Urban Out, a Philadelphia-based blog, makes some great points about transit-oriented development (TOD) in cities with existing urban fabric. In some cities like Washington, DC, planners are doing TOD right. When you step out of many DC metro stations, you are greeted with good urbanism. Buildings define outdoor rooms and the street frontages are active and interesting to pedestrians. In Philadelphia, the blog reports, you are more apt to find parking lots and drive-through restaurants. City planners, however, are learning quickly to address these problems, the blog reports. In the best TODs, planners take this approach to a higher level by providing open space.

An excellent example is the resurgent Columbia Heights metro station neighborhood in DC, pictured above (photo by SitePhocus). Open space like this plaza adds immeasurably to the sense of place and value. City planners are sometimes reluctant to ask private landowners to provide open space, the blog reports, but there are ways to get it done — as DC proves.

At Better! Cities & Towns, we would just add that "open space" alone is not sufficient — "placemaking" that is real key. The successful Columbia Heights plaza was part of a master plan by the new urban firm Torti Gallas & Partners.
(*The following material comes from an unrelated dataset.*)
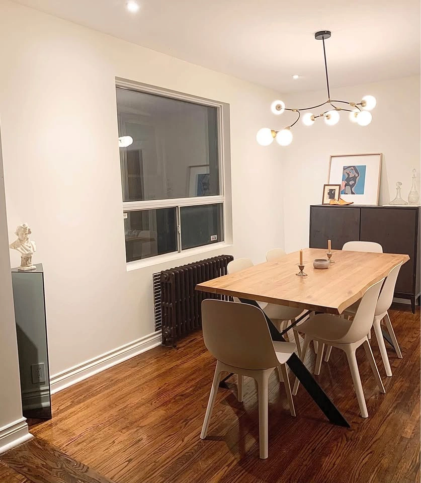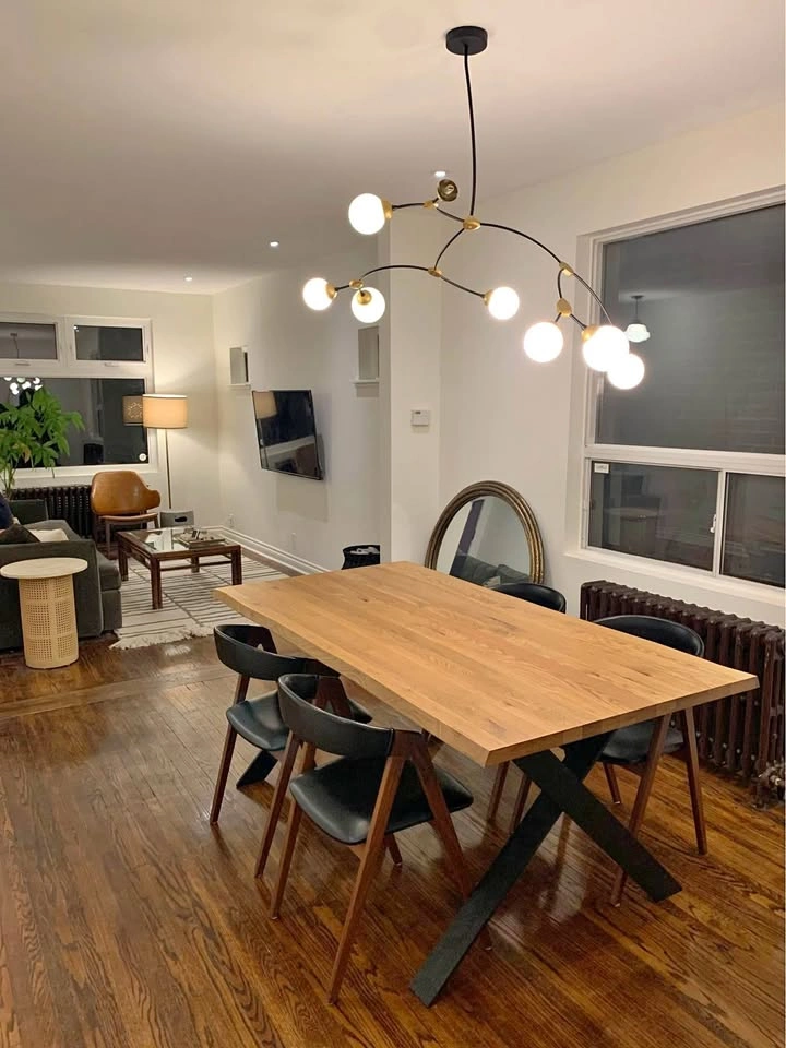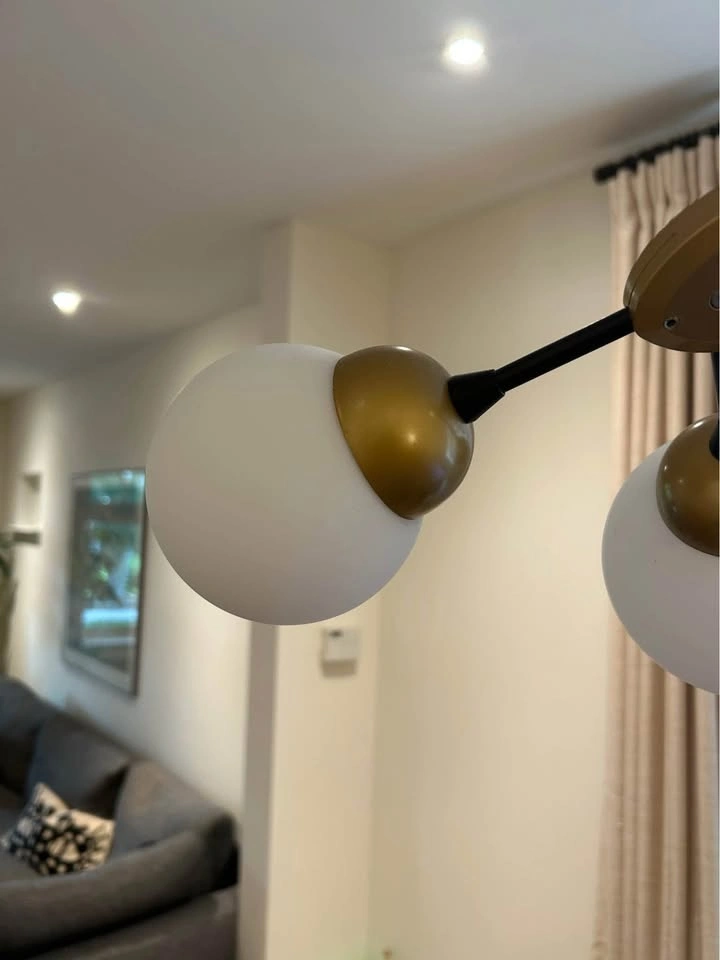 51”w x 37” h Globes are all matte frosted white (looks more luxe when it’s not in use) Gives off a ton of light Not dimmable

In the scheme of the entire neighborhood, the triangle defined by the buildings at the center of the plan is a small area, but it creates a signature public space that establishes an identity for the TOD.

Another great example is Market Common in Clarendon, Virginia. This new urban mixed-use project has been a model for TOD in the last decade. See a portion of the "close," an enclosed green that is a popular public space for residents, at the right side of the photo.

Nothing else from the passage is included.